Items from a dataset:
*-*-*

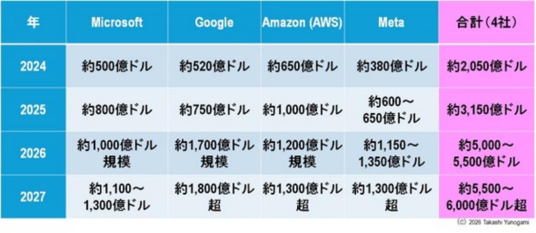 现阶段,整个人工智能行业的增长前景已受到根本性动摇。仅上述四家企业的市值总和就超过8万亿美元(约合1200万亿日元),若人工智能服务器供应长期停滞成为现实,市场对行业增长的预期将大幅下降,进而面临1万亿至2万亿美元(约合150万亿至300万亿日元)的市值损失风险。
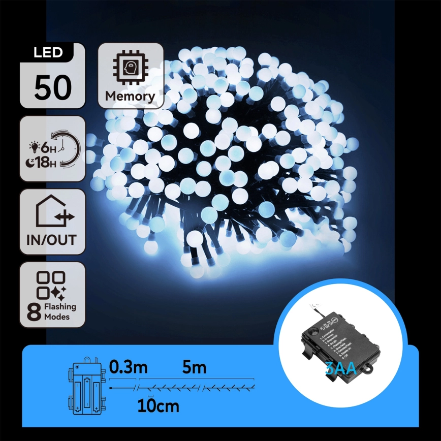 Aigostar - Guirlanda de Natal LED para exterior 50xLED/8 funções 3xAA 5,3m IP44 branco frio
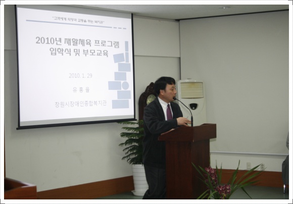 2010년 1월 29일 복지관 강당에서 체육재활사업 이용자들의 오리엔테이션이 있었습니다.
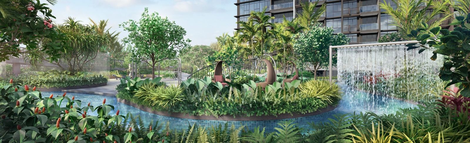 Inspired by the scenery of Jurong Lake Gardens, the landscape introduce unique elements of the park into this project.
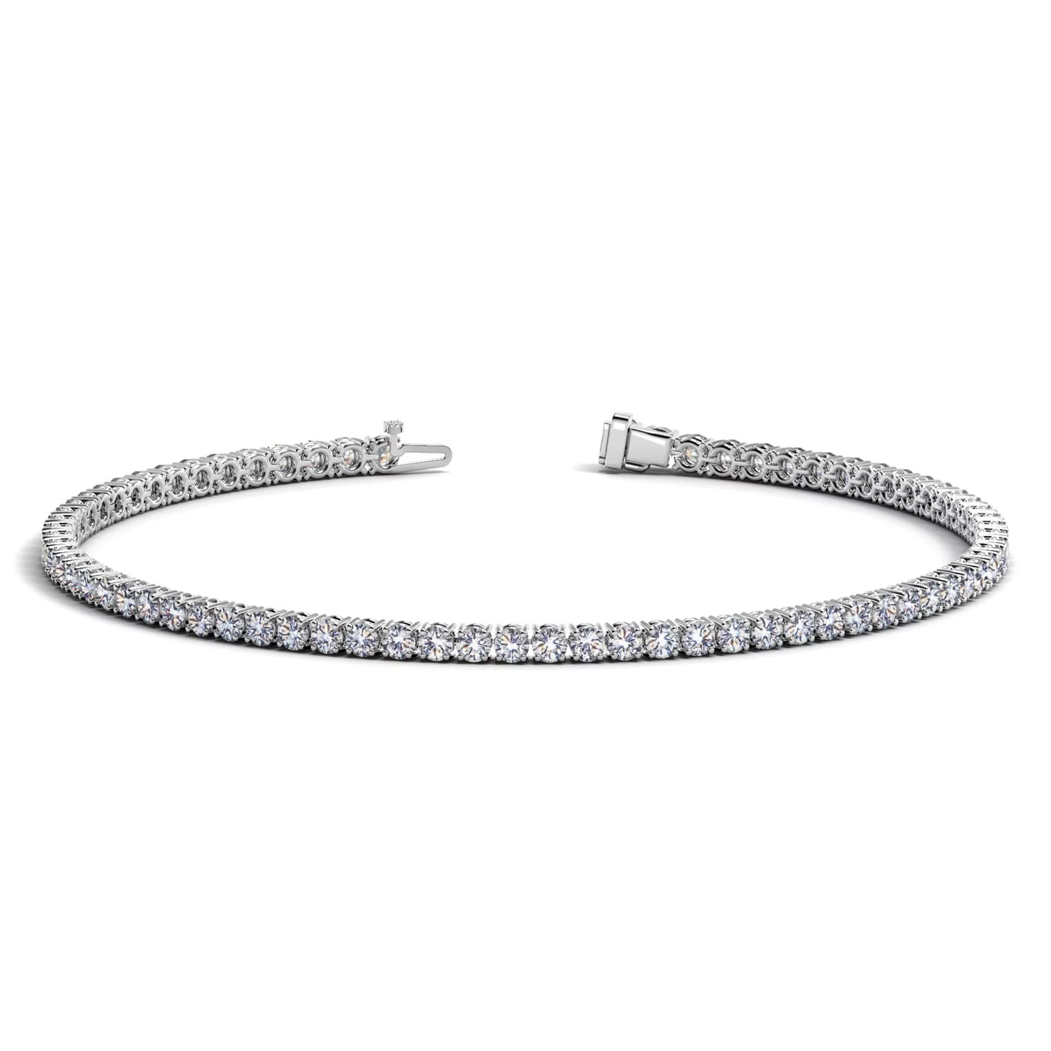 Classic four prong 2 carat total weight diamond tennis bracelet showcasing perfectly matched brilliant round cut lab grown diamonds set in 14k white gold.
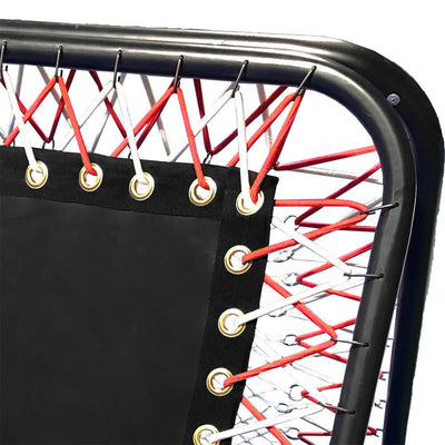 Its frame is made from 100% high-grade metal ensuring durability and sturdiness when in use. Woven elastic string intertwines between the frame and rebound surfaces to offer maximum bounce back which will last through the test of constant use. The metal bar between the two surfaces sets at different intervals to allow various heights of returned passes.
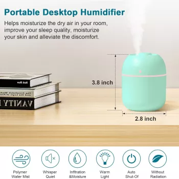 Portable USB Cool Mist Humidifier & Aroma Diffuser with Night Light – 7.4 oz
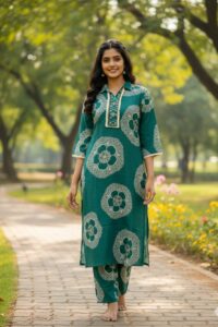 High-Quality Cotton Print A-Line Suit Set
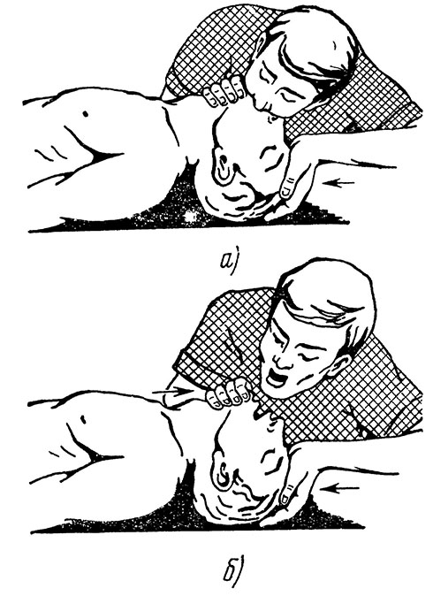 Удалив с помощью марли или носового платка рвотные массы, кровь или зубные протезы (если они есть), необходимо осторожно вытащить язык, чтобы он не перекрывал дыхательные пути. После этого приступают к искусственному дыханию.
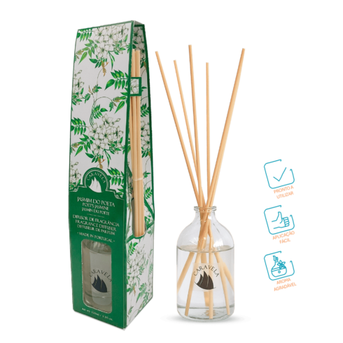 O Difusor de Palheta Jasmim do Poeta oferece delicadeza floral e inspiração aromática para ambientes com alma. Possui uma flagrância floral envolvente e subtilmente poética, trazendo leveza e elegância ao quotidiano, evocando o requinte dos jardins mediterrânicos.
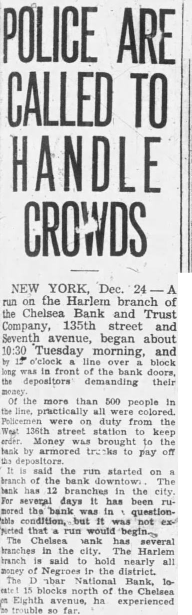 POLICE ARE CALLED TO HANDLE CROWDS NEW YORK, Dec. 24 run on the Harlem branch of the Chelsea Bank and Trust Company, 135th street and Seventh avenue, began about 10:30 Tuesday morning, and by 12 o'clock line over a block long was in front of the bank doors, the depositors demanding their money. Of the more than 500 people in the line, practically all were colored. Policemen were on duty from the West 136th street station to keep order. Money was brought to the bank by armored trucks to pay off the depositors. It is said the run started on a branch of the bank downtown The bank has 12 branches in the city. For several days It has been rumored the bank was in questionable condition, but it was not expicted that a run would begin. The Chelsea bank has several branches in the city. The Harlem branch is said to hold nearly all money of Negroes in the district. The D nbar National Bank, locate! 15 blocks north of the Chelsea Eighth avenue, ha experienced trouble so far.
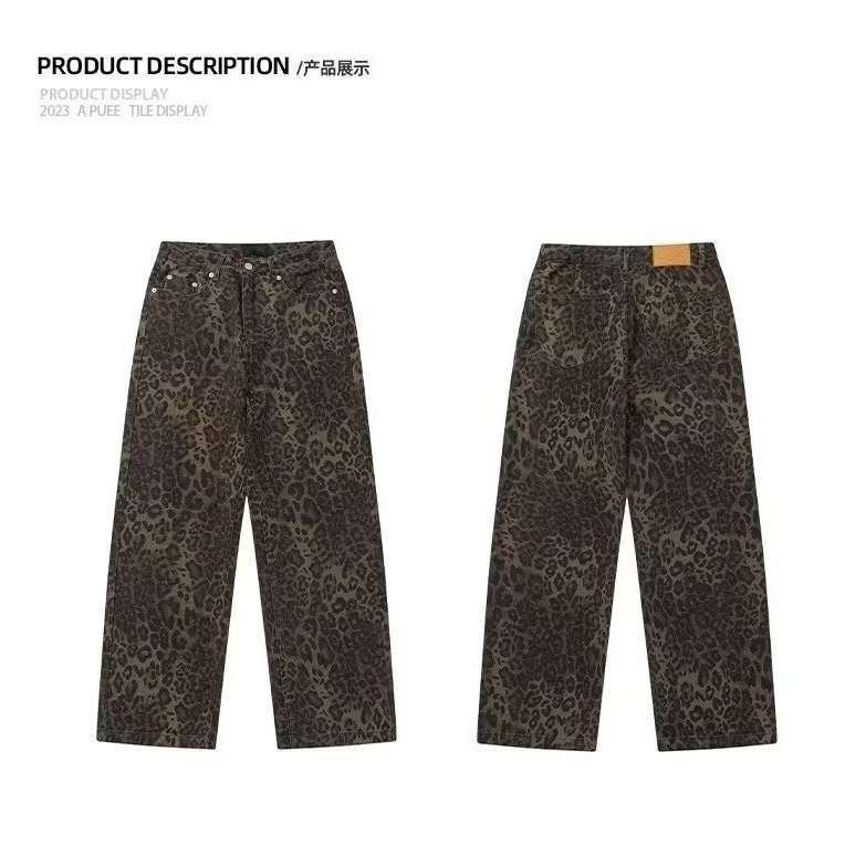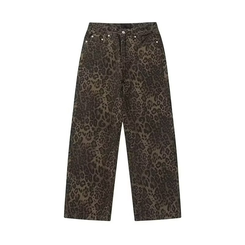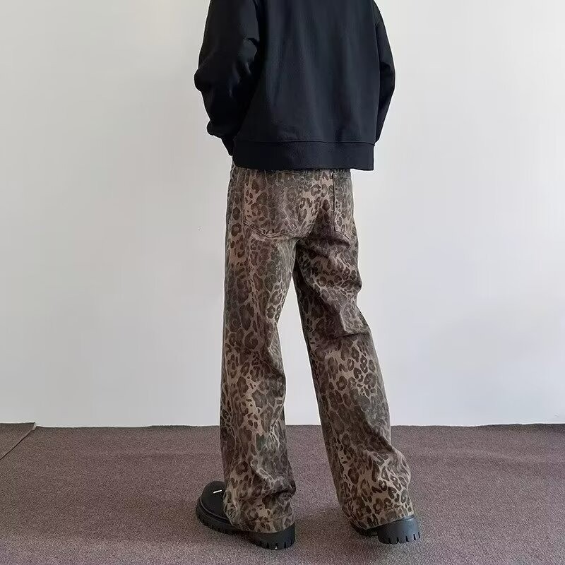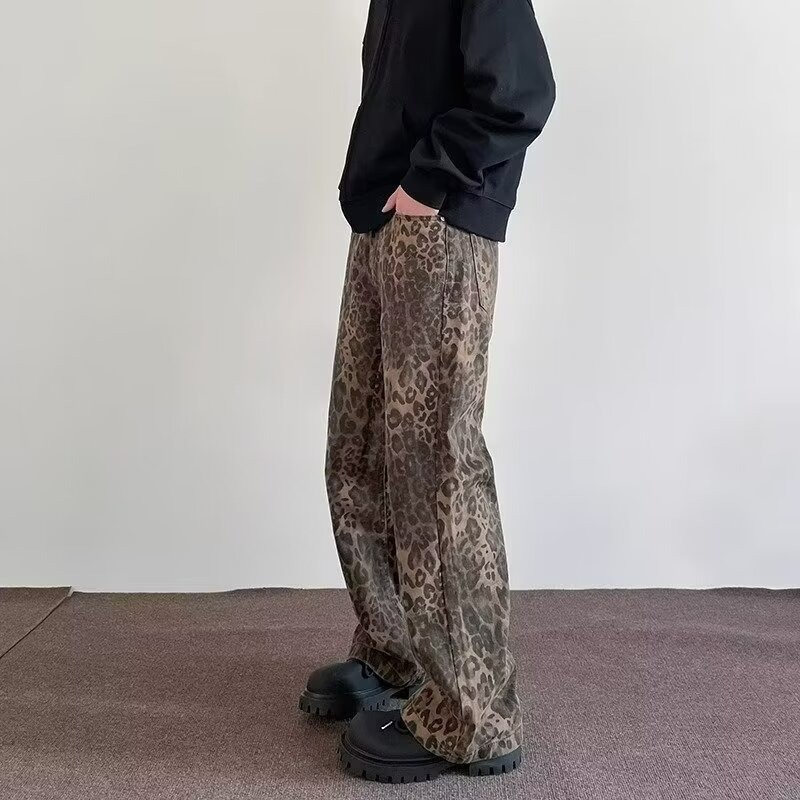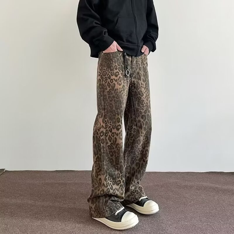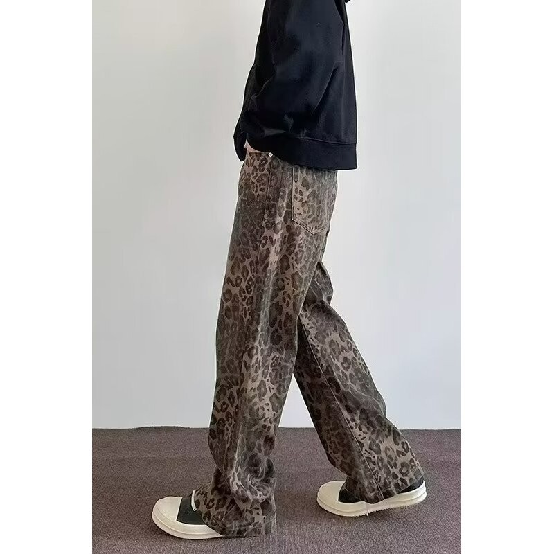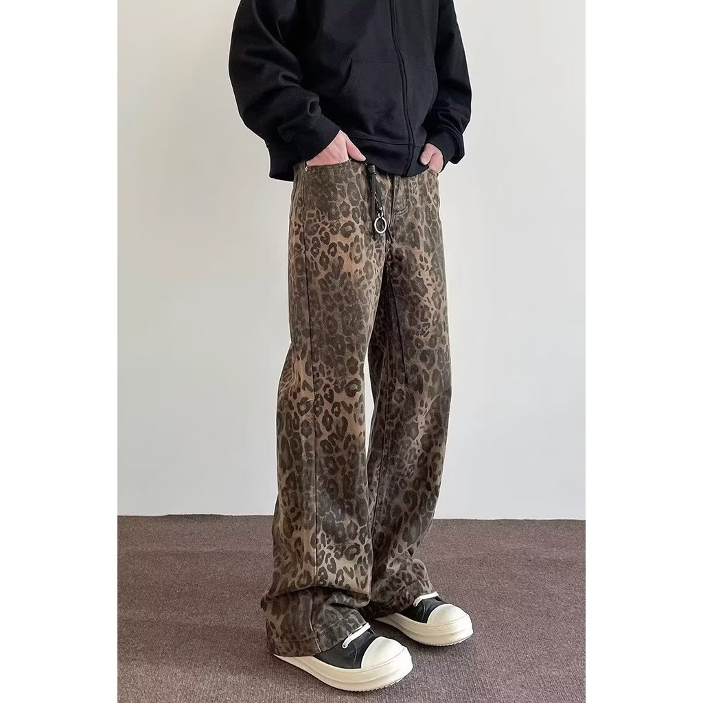 กางเกงยีนขายาวลําลอง ทรงหลวม พิมพ์ลายเสือดาว สําหรับผู้ชาย

*-*-*

# Exercise
Extract all the entries word for word; omit any pictures.

# Your solution
 现阶段,整个人工智能行业的增长前景已受到根本性动摇。仅上述四家企业的市值总和就超过8万亿美元(约合1200万亿日元),若人工智能服务器供应长期停滞成为现实,市场对行业增长的预期将大幅下降,进而面临1万亿至2万亿美元(约合150万亿至300万亿日元)的市值损失风险。
 Aigostar - Guirlanda de Natal LED para exterior 50xLED/8 funções 3xAA 5,3m IP44 branco frio
 2010년 1월 29일 복지관 강당에서 체육재활사업 이용자들의 오리엔테이션이 있었습니다.
 Inspired by the scenery of Jurong Lake Gardens, the landscape introduce unique elements of the park into this project.
 Classic four prong 2 carat total weight diamond tennis bracelet showcasing perfectly matched brilliant round cut lab grown diamonds set in 14k white gold.
 Its frame is made from 100% high-grade metal ensuring durability and sturdiness when in use. Woven elastic string intertwines between the frame and rebound surfaces to offer maximum bounce back which will last through the test of constant use. The metal bar between the two surfaces sets at different intervals to allow various heights of returned passes.
 Portable USB Cool Mist Humidifier & Aroma Diffuser with Night Light – 7.4 oz
 High-Quality Cotton Print A-Line Suit Set
 Удалив с помощью марли или носового платка рвотные массы, кровь или зубные протезы (если они есть), необходимо осторожно вытащить язык, чтобы он не перекрывал дыхательные пути. После этого приступают к искусственному дыханию.
 O Difusor de Palheta Jasmim do Poeta oferece delicadeza floral e inspiração aromática para ambientes com alma. Possui uma flagrância floral envolvente e subtilmente poética, trazendo leveza e elegância ao quotidiano, evocando o requinte dos jardins mediterrânicos.
 POLICE ARE CALLED TO HANDLE CROWDS NEW YORK, Dec. 24 run on the Harlem branch of the Chelsea Bank and Trust Company, 135th street and Seventh avenue, began about 10:30 Tuesday morning, and by 12 o'clock line over a block long was in front of the bank doors, the depositors demanding their money. Of the more than 500 people in the line, practically all were colored. Policemen were on duty from the West 136th street station to keep order. Money was brought to the bank by armored trucks to pay off the depositors. It is said the run started on a branch of the bank downtown The bank has 12 branches in the city. For several days It has been rumored the bank was in questionable condition, but it was not expicted that a run would begin. The Chelsea bank has several branches in the city. The Harlem branch is said to hold nearly all money of Negroes in the district. The D nbar National Bank, locate! 15 blocks north of the Chelsea Eighth avenue, ha experienced trouble so far.
 กางเกงยีนขายาวลําลอง ทรงหลวม พิมพ์ลายเสือดาว สําหรับผู้ชาย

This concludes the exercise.